--- Dataset section Enclosed Below ---

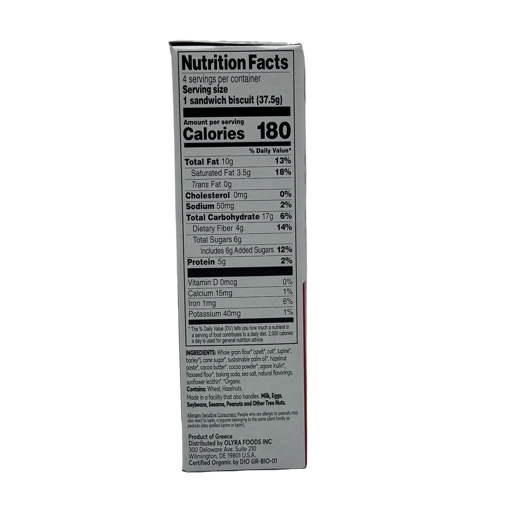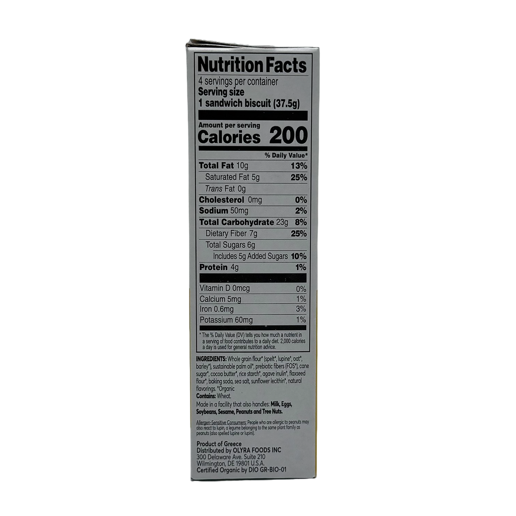 Every biscuit sandwich features a satisfying, crunchy outer biscuit made from whole grain flour blends (like spelt, lupine, barley, and oat) layered with a creamy crème filling. It’s the kind of breakfast you can feel good about: vegan, verified non-GMO, and packed with ingredients sourced with care.
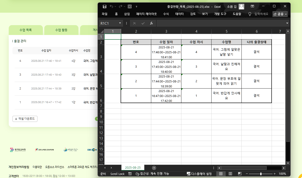 | Description | 초등학생의 수업 현황에 엑셀 다운로드 버튼 미노출 현상 *기획에는 노출된다고 쓰여져있음 (2025-08-01)_KT LanEdu_화면설계서_02.myclass_v.3.3.3 (1) p295 | ||||
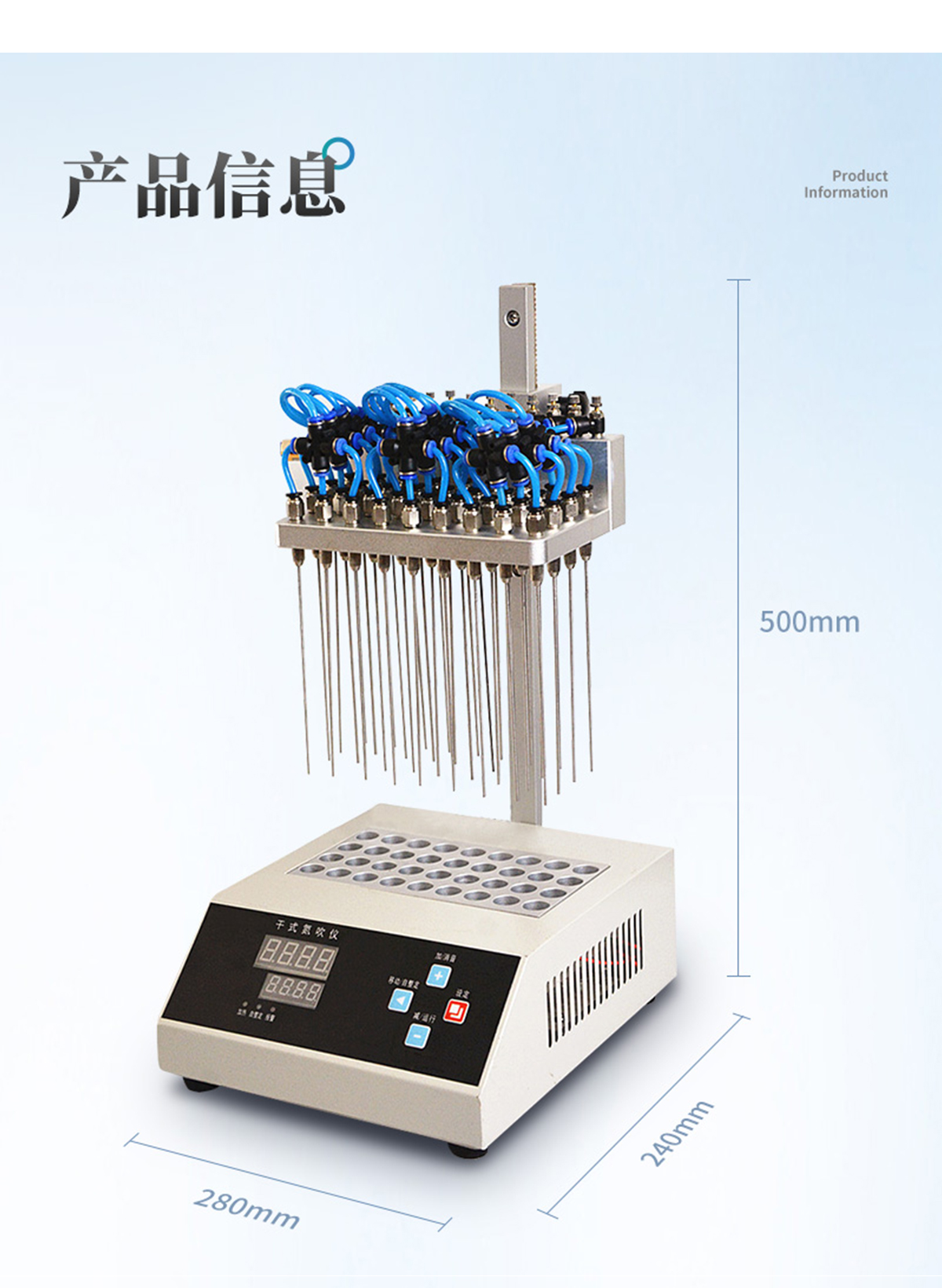 | 每個吹針都可以獨立控制,避免引起交叉污染。 | 儀器氣腔高度可以自行調(diào)節(jié),配備標準氣針長度為15厘米。 | 氮吹儀有36個氣道控制開關,節(jié)約氣體,每根吹氣針的位置可獨立改變吹掃位置,使之適用不同的樣品容器及不同的樣品位置 | 在濃縮有毒溶劑時,整個系統(tǒng)可置于通風柜中,降低危險。 | 內(nèi)置超溫保護裝置,自動故障檢測及報警功能,方便實用。 | 儀器有LED顯示屏,溫度同步顯示、時間遞減顯示,可時時觀察溫度變化。 | 具有整體溫度更均勻,加熱速度快 | 本產(chǎn)品還可以作為普通的干式恒溫器使用 | 使用起來更簡便,而且溫度也可以達到150℃,可以更好濃縮樣品 |

--- End of Enclosed Dataset section ---

Problem details:
Take the lines from the start of the listing above through the line with "(1) p295 | ||||", both ends included, and copy them exactly, leaving the pictures behind.

Completed exercise:
 Every biscuit sandwich features a satisfying, crunchy outer biscuit made from whole grain flour blends (like spelt, lupine, barley, and oat) layered with a creamy crème filling. It’s the kind of breakfast you can feel good about: vegan, verified non-GMO, and packed with ingredients sourced with care.
 | Description | 초등학생의 수업 현황에 엑셀 다운로드 버튼 미노출 현상 *기획에는 노출된다고 쓰여져있음 (2025-08-01)_KT LanEdu_화면설계서_02.myclass_v.3.3.3 (1) p295 | ||||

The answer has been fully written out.